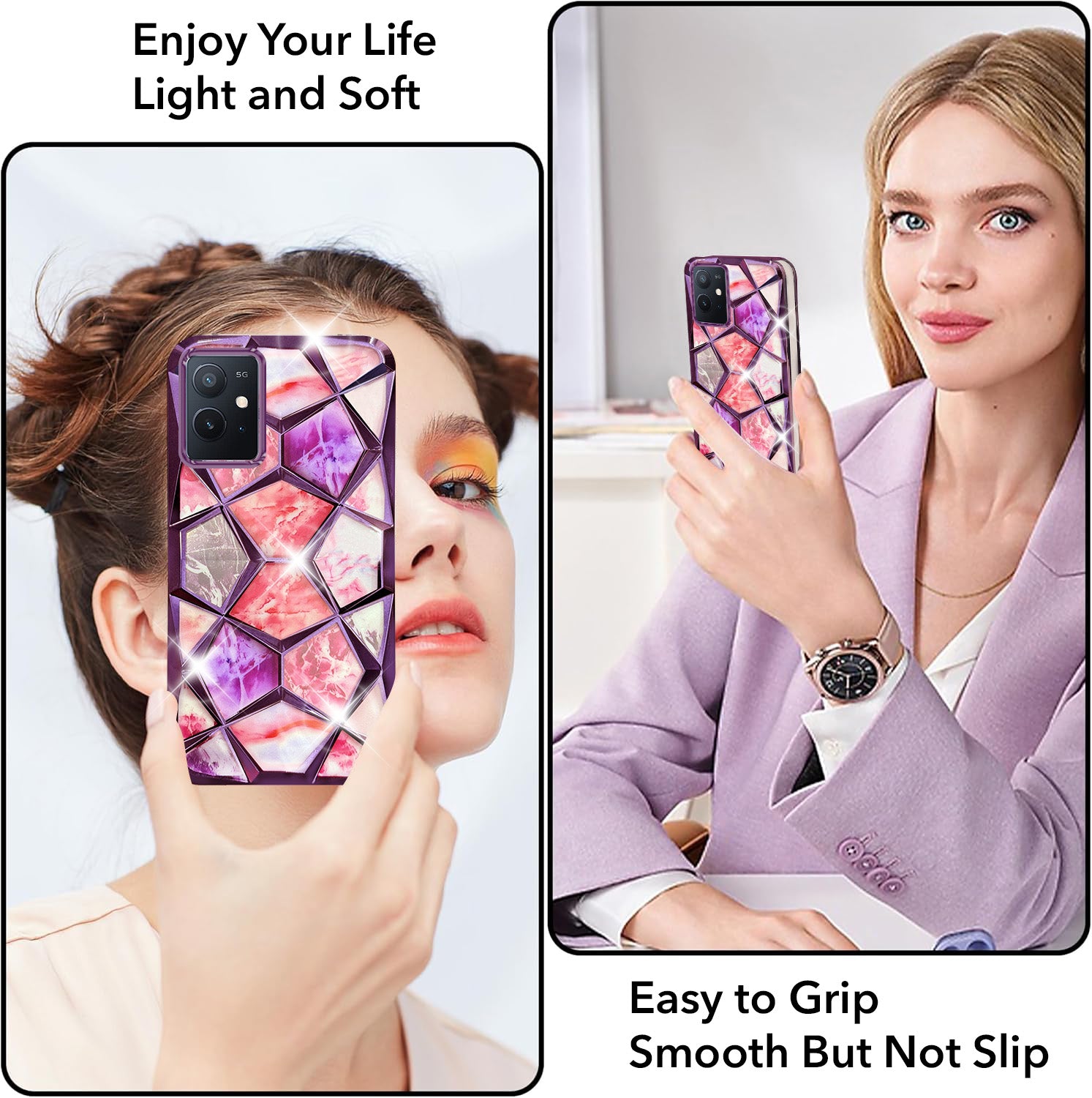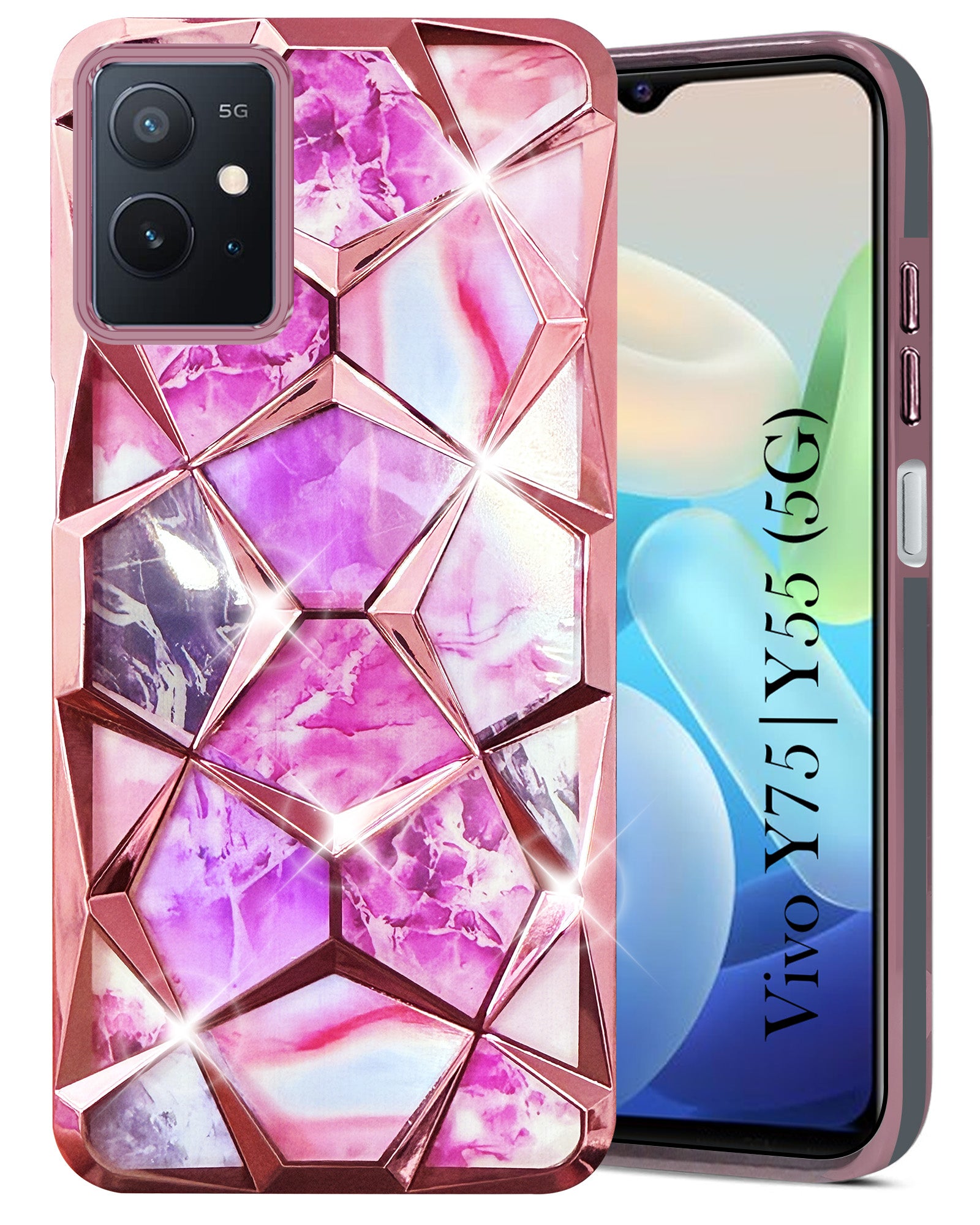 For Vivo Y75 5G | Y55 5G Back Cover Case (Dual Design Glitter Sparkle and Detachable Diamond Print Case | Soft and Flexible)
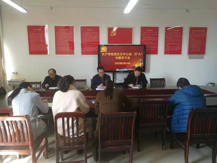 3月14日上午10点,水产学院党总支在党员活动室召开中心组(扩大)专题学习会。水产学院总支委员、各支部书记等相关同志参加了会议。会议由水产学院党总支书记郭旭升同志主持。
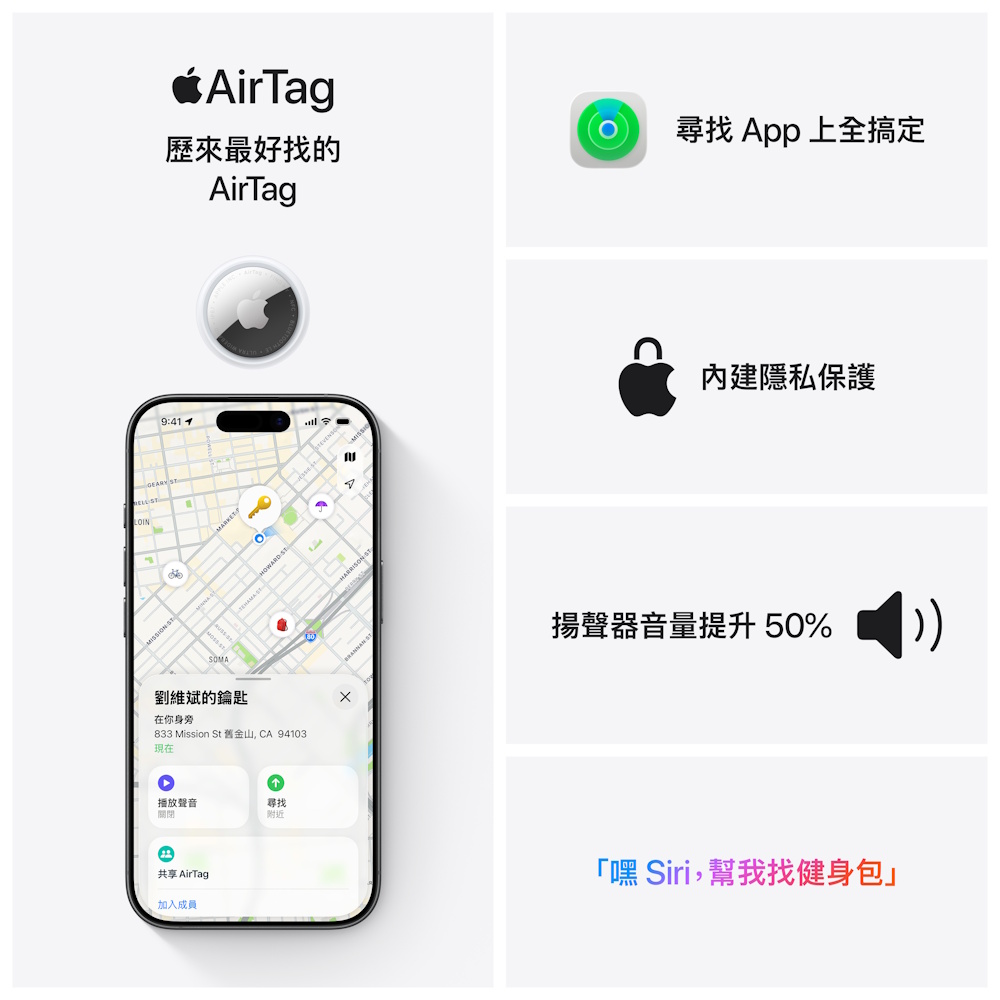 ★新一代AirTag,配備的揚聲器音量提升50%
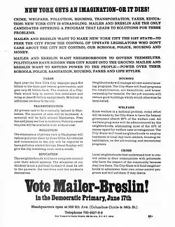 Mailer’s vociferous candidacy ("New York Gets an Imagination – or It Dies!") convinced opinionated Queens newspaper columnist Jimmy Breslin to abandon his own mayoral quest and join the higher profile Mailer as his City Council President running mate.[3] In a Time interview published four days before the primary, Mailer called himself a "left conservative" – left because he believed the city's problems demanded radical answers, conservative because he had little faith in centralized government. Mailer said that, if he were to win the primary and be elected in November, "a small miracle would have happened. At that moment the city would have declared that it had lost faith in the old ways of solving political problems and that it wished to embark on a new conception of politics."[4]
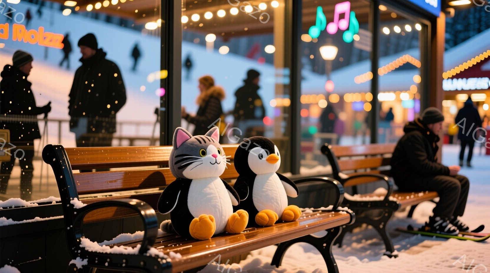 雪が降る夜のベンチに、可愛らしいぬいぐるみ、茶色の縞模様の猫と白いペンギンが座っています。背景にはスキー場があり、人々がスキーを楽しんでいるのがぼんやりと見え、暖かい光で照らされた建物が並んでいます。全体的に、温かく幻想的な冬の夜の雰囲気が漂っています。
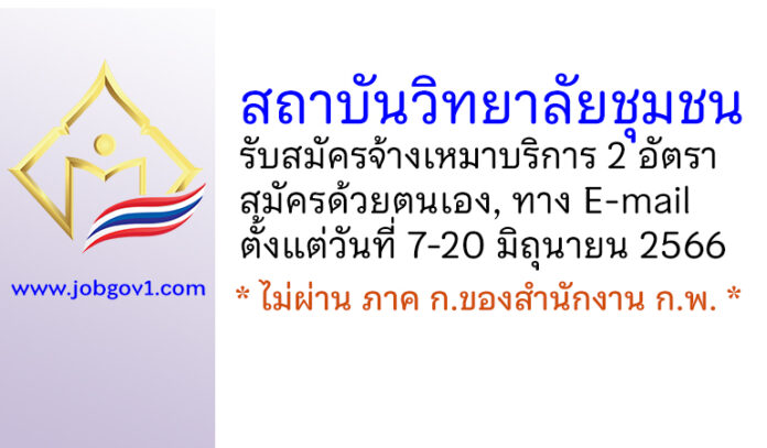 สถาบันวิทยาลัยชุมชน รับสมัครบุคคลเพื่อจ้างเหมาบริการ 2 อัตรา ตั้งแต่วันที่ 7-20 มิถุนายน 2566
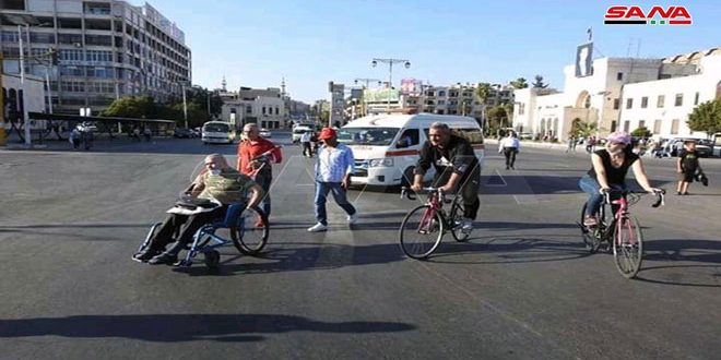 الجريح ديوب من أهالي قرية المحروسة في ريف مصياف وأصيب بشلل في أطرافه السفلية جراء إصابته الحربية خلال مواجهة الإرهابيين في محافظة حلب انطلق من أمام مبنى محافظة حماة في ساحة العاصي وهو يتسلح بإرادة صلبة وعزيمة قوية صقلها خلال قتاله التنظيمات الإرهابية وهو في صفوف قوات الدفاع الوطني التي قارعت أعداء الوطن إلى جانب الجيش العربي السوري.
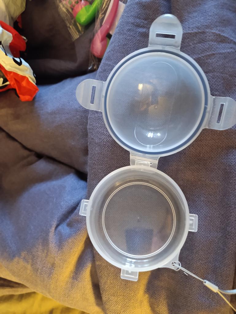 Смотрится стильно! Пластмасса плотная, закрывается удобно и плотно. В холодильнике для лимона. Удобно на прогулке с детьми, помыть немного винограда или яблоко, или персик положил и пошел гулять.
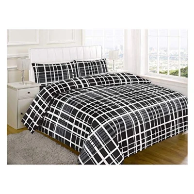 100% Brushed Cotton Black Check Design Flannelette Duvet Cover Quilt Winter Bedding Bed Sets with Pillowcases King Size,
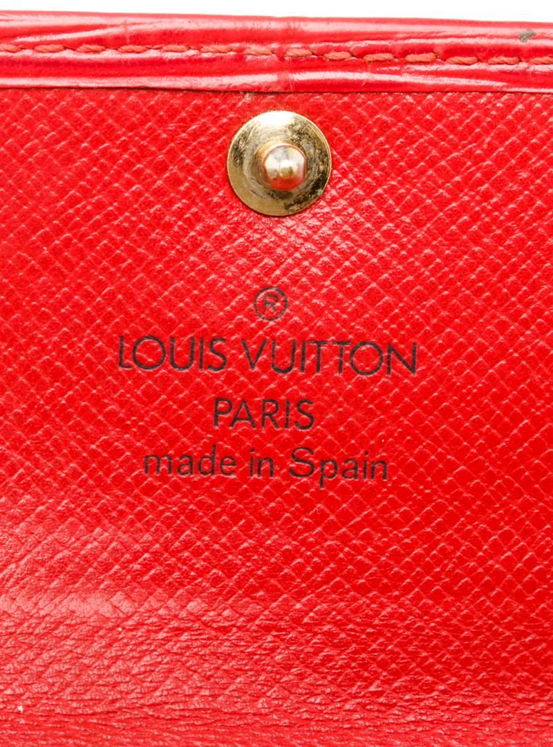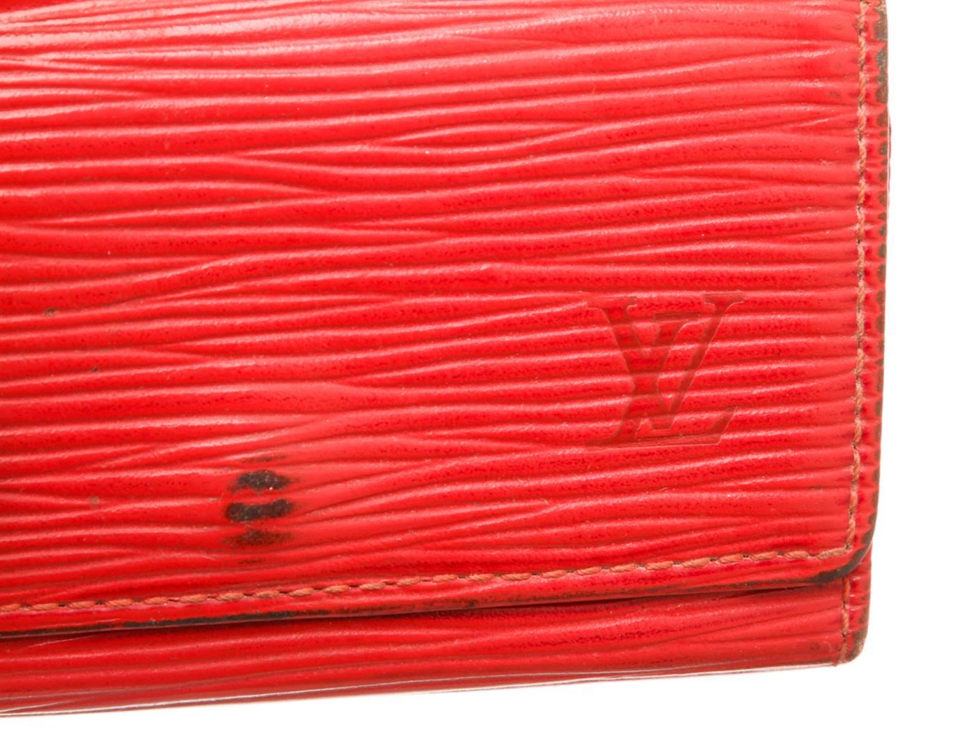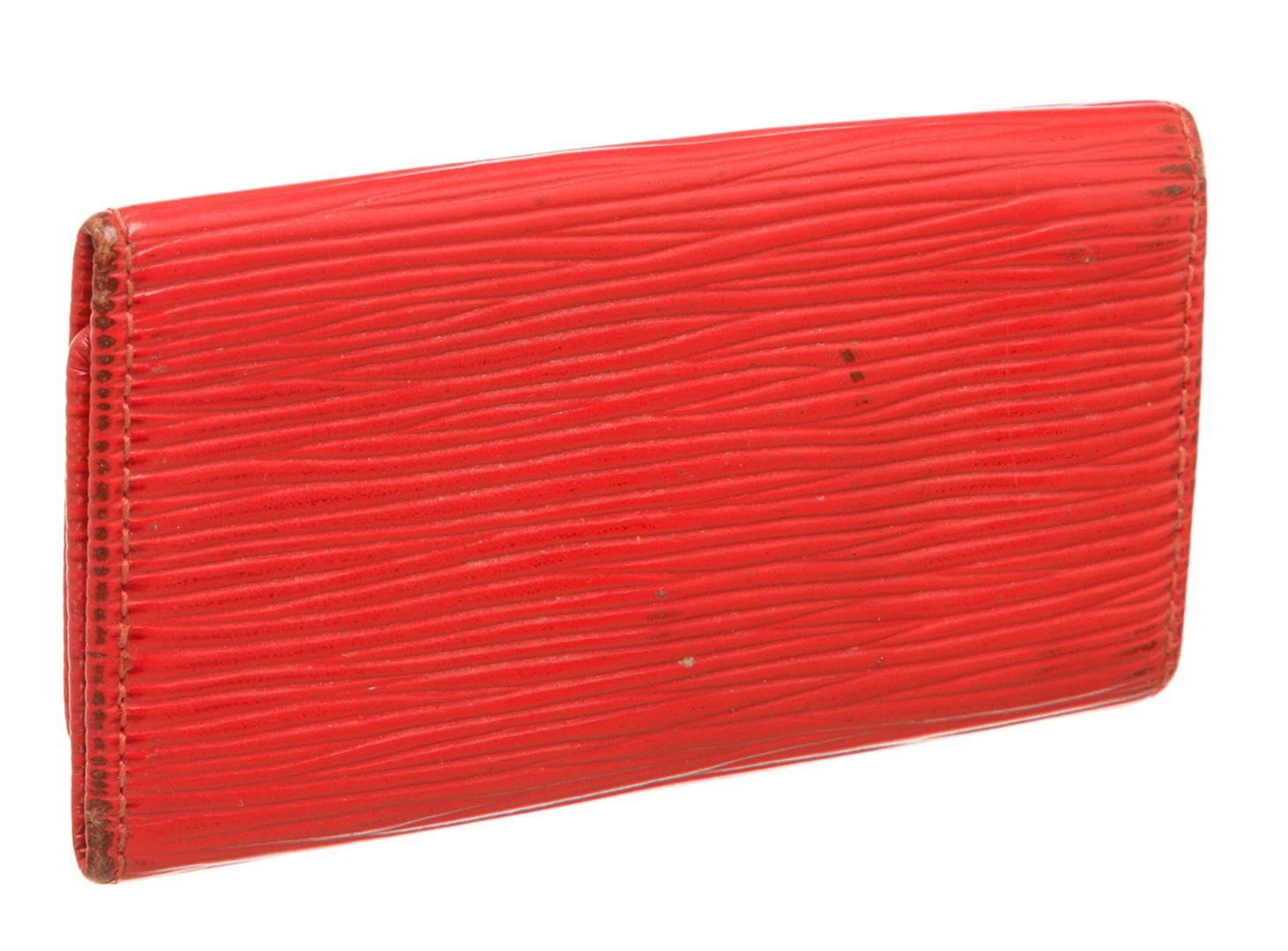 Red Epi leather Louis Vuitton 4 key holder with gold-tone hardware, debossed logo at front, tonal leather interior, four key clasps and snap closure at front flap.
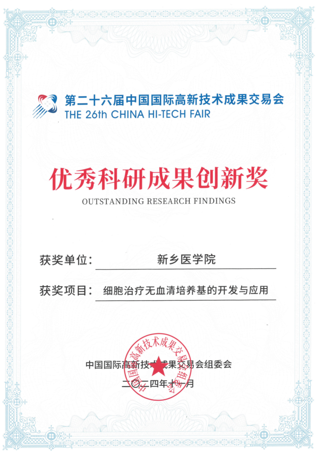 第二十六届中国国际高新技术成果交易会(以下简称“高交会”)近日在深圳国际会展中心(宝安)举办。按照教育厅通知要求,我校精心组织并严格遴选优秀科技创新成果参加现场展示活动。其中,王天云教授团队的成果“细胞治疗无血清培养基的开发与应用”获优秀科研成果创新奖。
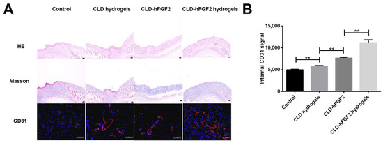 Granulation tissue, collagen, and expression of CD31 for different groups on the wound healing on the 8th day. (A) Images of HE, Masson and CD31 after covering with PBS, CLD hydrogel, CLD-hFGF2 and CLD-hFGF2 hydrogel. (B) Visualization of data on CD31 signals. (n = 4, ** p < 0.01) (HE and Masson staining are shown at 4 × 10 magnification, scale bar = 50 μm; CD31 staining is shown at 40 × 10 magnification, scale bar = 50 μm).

........

▶ Your objective
Copy all records exactly, no images.

▶ Reply to the task
 For Vivo Y75 5G | Y55 5G Back Cover Case (Dual Design Glitter Sparkle and Detachable Diamond Print Case | Soft and Flexible)
 3月14日上午10点,水产学院党总支在党员活动室召开中心组(扩大)专题学习会。水产学院总支委员、各支部书记等相关同志参加了会议。会议由水产学院党总支书记郭旭升同志主持。
 ★新一代AirTag,配備的揚聲器音量提升50%
 Mailer’s vociferous candidacy ("New York Gets an Imagination – or It Dies!") convinced opinionated Queens newspaper columnist Jimmy Breslin to abandon his own mayoral quest and join the higher profile Mailer as his City Council President running mate.[3] In a Time interview published four days before the primary, Mailer called himself a "left conservative" – left because he believed the city's problems demanded radical answers, conservative because he had little faith in centralized government. Mailer said that, if he were to win the primary and be elected in November, "a small miracle would have happened. At that moment the city would have declared that it had lost faith in the old ways of solving political problems and that it wished to embark on a new conception of politics."[4]
 雪が降る夜のベンチに、可愛らしいぬいぐるみ、茶色の縞模様の猫と白いペンギンが座っています。背景にはスキー場があり、人々がスキーを楽しんでいるのがぼんやりと見え、暖かい光で照らされた建物が並んでいます。全体的に、温かく幻想的な冬の夜の雰囲気が漂っています。
 สถาบันวิทยาลัยชุมชน รับสมัครบุคคลเพื่อจ้างเหมาบริการ 2 อัตรา ตั้งแต่วันที่ 7-20 มิถุนายน 2566
 الجريح ديوب من أهالي قرية المحروسة في ريف مصياف وأصيب بشلل في أطرافه السفلية جراء إصابته الحربية خلال مواجهة الإرهابيين في محافظة حلب انطلق من أمام مبنى محافظة حماة في ساحة العاصي وهو يتسلح بإرادة صلبة وعزيمة قوية صقلها خلال قتاله التنظيمات الإرهابية وهو في صفوف قوات الدفاع الوطني التي قارعت أعداء الوطن إلى جانب الجيش العربي السوري.
 Смотрится стильно! Пластмасса плотная, закрывается удобно и плотно. В холодильнике для лимона. Удобно на прогулке с детьми, помыть немного винограда или яблоко, или персик положил и пошел гулять.
 100% Brushed Cotton Black Check Design Flannelette Duvet Cover Quilt Winter Bedding Bed Sets with Pillowcases King Size,
 Red Epi leather Louis Vuitton 4 key holder with gold-tone hardware, debossed logo at front, tonal leather interior, four key clasps and snap closure at front flap.
 第二十六届中国国际高新技术成果交易会(以下简称“高交会”)近日在深圳国际会展中心(宝安)举办。按照教育厅通知要求,我校精心组织并严格遴选优秀科技创新成果参加现场展示活动。其中,王天云教授团队的成果“细胞治疗无血清培养基的开发与应用”获优秀科研成果创新奖。
 Granulation tissue, collagen, and expression of CD31 for different groups on the wound healing on the 8th day. (A) Images of HE, Masson and CD31 after covering with PBS, CLD hydrogel, CLD-hFGF2 and CLD-hFGF2 hydrogel. (B) Visualization of data on CD31 signals. (n = 4, ** p < 0.01) (HE and Masson staining are shown at 4 × 10 magnification, scale bar = 50 μm; CD31 staining is shown at 40 × 10 magnification, scale bar = 50 μm).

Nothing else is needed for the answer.